Оборвал... И негромко, но отчетливо, размашисто пошел, по всем струнам и начал «Цыганскую венгерку»...
Что-то переменилось... По спине прошел холодок... Освежил душу... Нерв заходил...
Я взглянул на моего друга. — Новое лицо... Так может одухотворяться только Русская женщина... На ней нет маски запада... Вся ее прелесть внутри, в ее душе...
По-моему, не словами, а просто взглядом я спросил ее «Идем?» И так же она ответила мне «Да...»
Кабинет...
Я только что закончил одну из моих операций, и у меня в кармане звенело двадцать золотых... Не червонцев, а настоящих Николаевских круглых золотых... Сумма для Советской России не маленькая... И даже большая.
Стол... Нас человек 15... Помню какое-то заливное из судака... Закуски... Водка... Много водки... Затем все это покрыли вином... Пили много, охотно, жадно... Пили все.— Не только чавалы[3]
, но и женщины... Изголодались.Заговорили.— «А помнишь?.. А вспомни... Было хорошо...»

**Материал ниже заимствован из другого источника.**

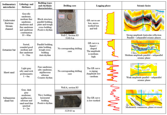The lithology primarily comprises thick light gray fine sandstone interbedded with thin siltstone and mudstone. The GR curve exhibits a box-type and serrated bell shape, reflecting variations in water body energy (Figure 4). Lateral migration frequently occurs within the channel. The typical bedding structures observed in subaqueous distributary channels, including basal scour structures, massive bedding, parallel lamination, and tabular and wedge cross-bedding, can be identified through drilling operations. Seismic characteristics often display pronounced amplitude lenticular reflections.

Кто в хоре?.. Вот Нина Дмитриевна Дулькевич, вот Шура Гроховская... Вот тетя Дуня... А вот и Миша Масальский, этот маленький толстенький цыган... Все пьет и тяжело уж дышет, но если разойдется, то все же спляшет. Нет многих... Нет красивой Мани Шишкиной... Нет высоких, стройных Панковых... Нет маленькой, веселой плясуньи Жени Масальской... Нет и красивых ассирийских глаз Мани Масальской.
Кто новые? Две теперешние знаменитости. — Женя Морозова, полу-цыганка, солистка, дающая свои концерты и Маня Фесенко, недавно в хоре — из полевых...
«Как дела?..»
«Плохо... Нет дела... Мало кто слушает, а если слушают, так петь противно...»
Выпили вволю — душа заговорила... Запели. И такого пенья я еще никогда не слышал... Им хотелось вылить душу. Петь хотелось... Нам хотелось слушать... Они это знали, ценили, хотелось дать еще больше... Хор действовал на слушающих, слушающие на хор, дирижера, солисток... Солистки на дирижера... Все это давало полноту... Гармонию...
Начали с хоровых... Перешли на сольные... Капнули старину... Ахнули плясовые... Опять сольные... Вино... Чарка... Ходу... И ходу...
Все забыто... И тюрьмы и Г.П.У... И вся Советская власть...
Все шло ребром... Вот она жизнь... Вот подъем!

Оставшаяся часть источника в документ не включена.